Inside Turkey's media battleground - Listening Post (Full)




The Listening Post show

Summary: Raids, arrests, threats and deportation - journalism is becoming increasingly dangerous in Turkey as the government clamps down on the media covering stories it wants ignored. President Recep Tayyip Erdogan has been accused of a heavy-handed approach with journalists after one of the country's largest media houses - Dogan Media Group - was investigated for alleged "terrorism propaganda." The probe came on the heels of the Nokta news magazine being raided and it's latest edition being banned; and three journalists from the New York-based Vice News being arrested in Diyarbakir for quote "working for a terrorist organisation". At a time when entire cities in the southeast - Diyarbakir and Cizre - have been placed under curfew, Erdogan's latest crackdown has made a military offensive against Kurdish separatists increasingly difficult to cover.
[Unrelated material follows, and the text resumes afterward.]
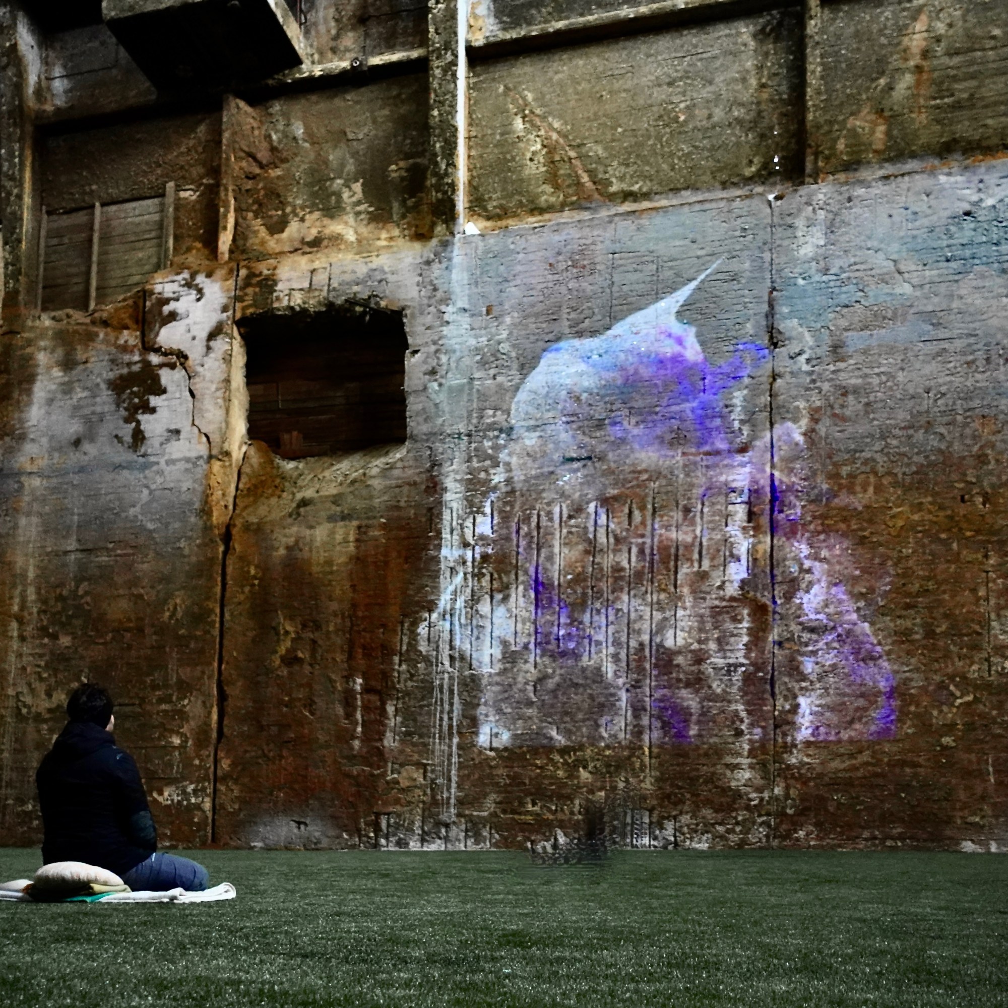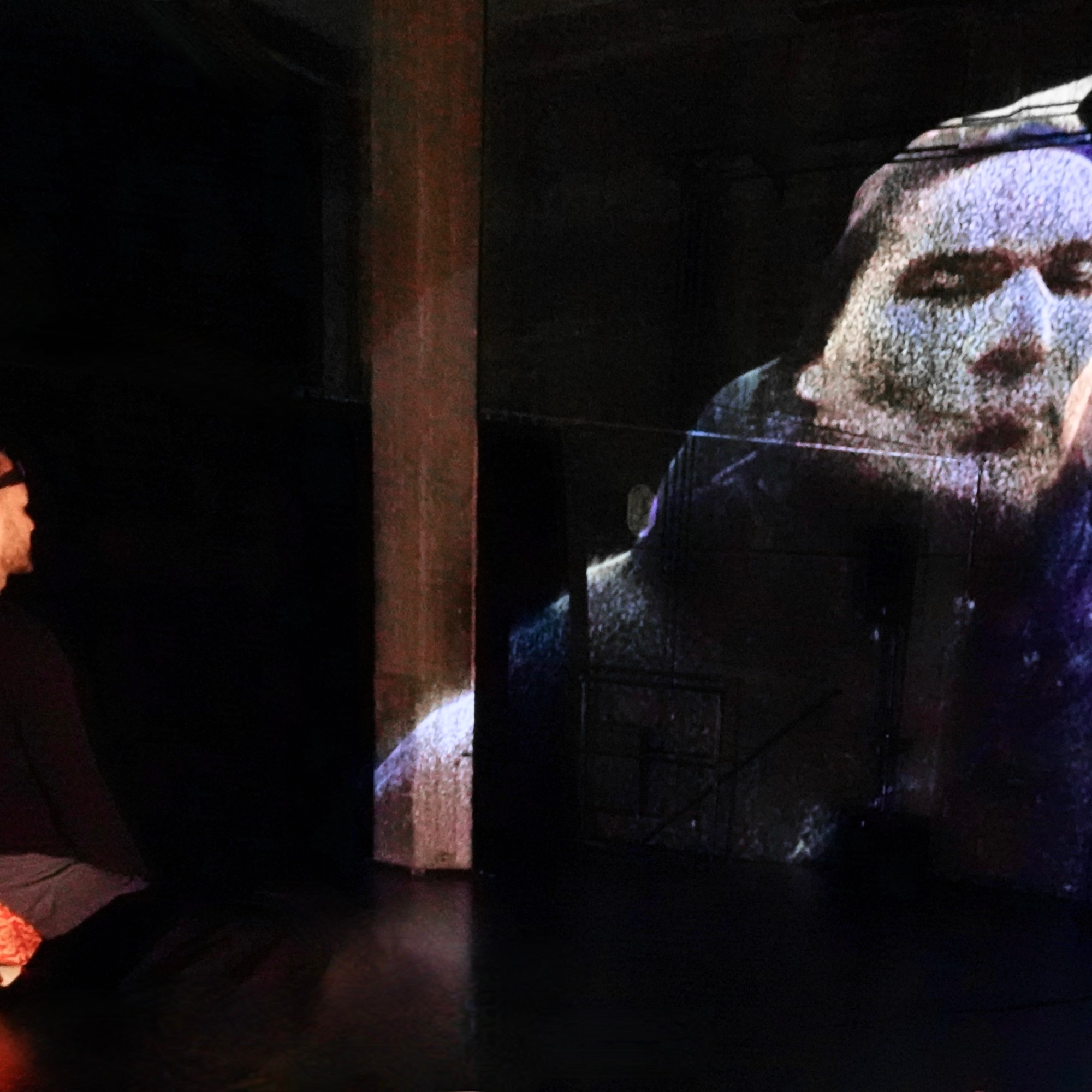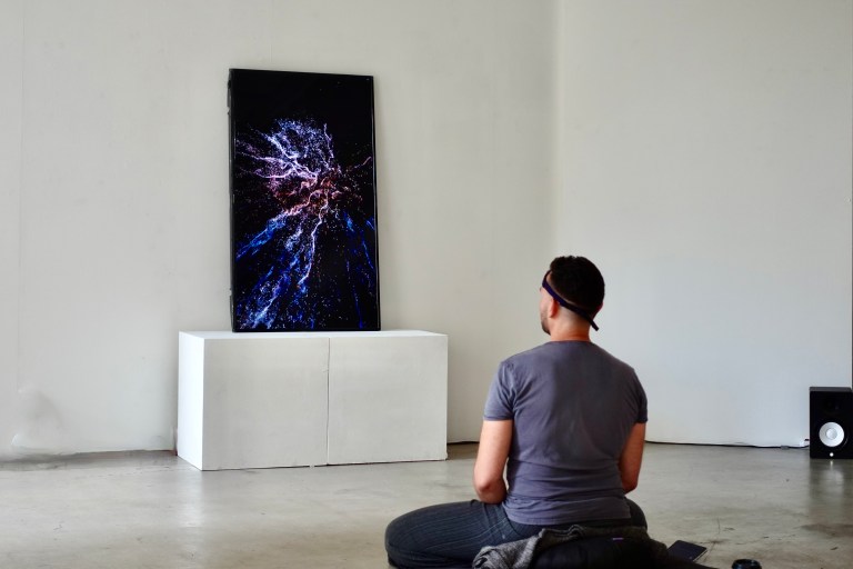 In the large theatre hall of Valve, an intimate setting emerges: two cushions placed at the center — one for the artist, one for the visitor. The participant wears an EEG sensor that reads real-time brainwave data and translates it into a generative video projection. This living image mirrors emotional and mental states — empathy, focus, and embodied presence form distinct visual patterns.

Discussing Turkey’s deteriorating state of press freedom are: Idil Engindeniz, a media scholar at Galatasaray University; Bekir Hazar, the host at TV show Yaz Boz; Cevheri Guven, Editor at Nokta magazine; and Murat Bayram, a reporter for Kurdistan 24. Other media stories on our radar this week: journalists keep getting arrested and detained in Thailand; Charlie Hebdo's controversial cartoon poking fun at the death of Alan Kurdi; and the murder of a journalist in Colombia - that was caught on camera. Bosnia's divided media Twenty years ago this December, a three-year-long civil war ended in Bosnia and Herzegovina with a complex power sharing arrangement that split the country in two. The two entities: the Federation of Bosnia and Herzegovina administered by Bosnian Muslims; and the Republika Srpska, administered by Serbs; created a complicated political structure that also divided the media landscape. In an effort to transcend the ethnic divide, journalists are banding together to combat a range of political and economic pressures. The Listening Post's Flo Phillips reports from Sarajevo on their efforts and the problems Bosnian journalists face on a daily basis.